3D Imaging for Behavior Classification, 10-R8221
Principal Investigator
Chris Lewis
Inclusive Dates: 04/01/11 – 10/01/12
Background — This research developed an automated behavior recognition capability, which uses a very low-cost, 3D color sensor for observing the motion of people. The system uses a variety of state-of-the-art machine learning techniques to estimate which of the trained behaviors is being performed. Several training tools were also developed which allow the system to be easily customized for a variety of applications. A novel feature derived from raw motion measurements was developed and shown to discriminate well between exercise behaviors. This feature, called a Motron, is constructed from natural cluster centers in data vectors containing position and velocity measurements of the subject. A new clustering algorithm was also developed and shown to be useful for both analysis and for accurately modeling sampled data.
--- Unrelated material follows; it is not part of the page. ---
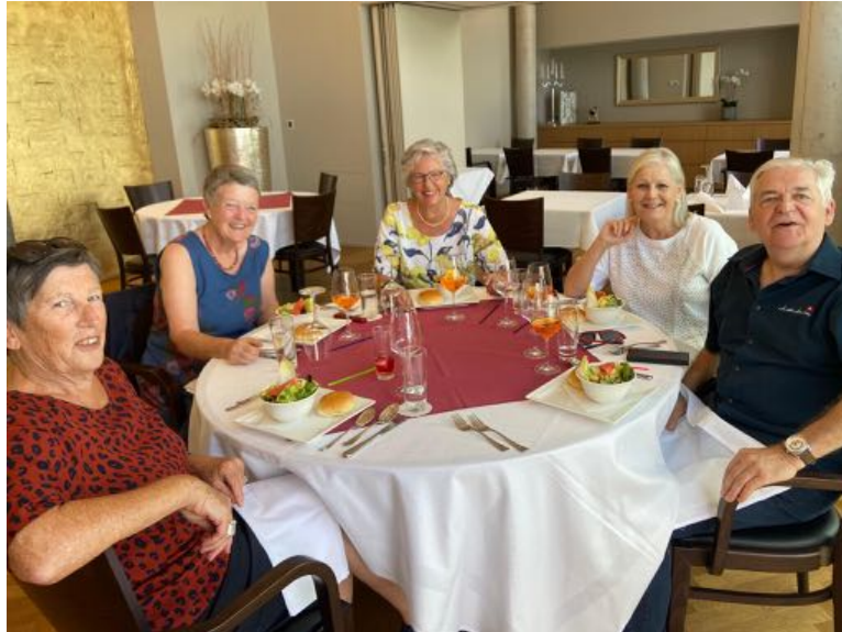
Tavolata Brunnen SZ

21. Mai 2022 treffen wir uns im Migros-Hochhaus in Zürich zur nächsten Tavolata- Jahrestagung!

Approach — The techniques were implemented under ROS (Robot Operating System), which is an open architecture, publish-subscribe system that integrates drivers for common sensors and machine learning tools into a convenient development environment. ROS nodes were developed for training classifiers, analyzing clusters in data and estimating behaviors in real time.
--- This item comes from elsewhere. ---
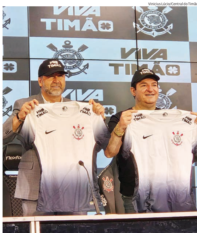
A empresa estampará as partes superiores da camisa

A "Viva Timão" é um produto destinado à torcida do Corinthians que funcionará como um título de capitalização. O

Accomplishments — A novel motion descriptor, called a Motron, was developed that is formed from natural clusters in pose measurements. Histograms of observed Motrons over a time window were shown to be both salient and computationally inexpensive features for classifying behaviors in real time. In addition, a novel cluster analysis algorithm was developed which automatically determines both the number of clusters and models for those clusters in arbitrary high-dimensional data.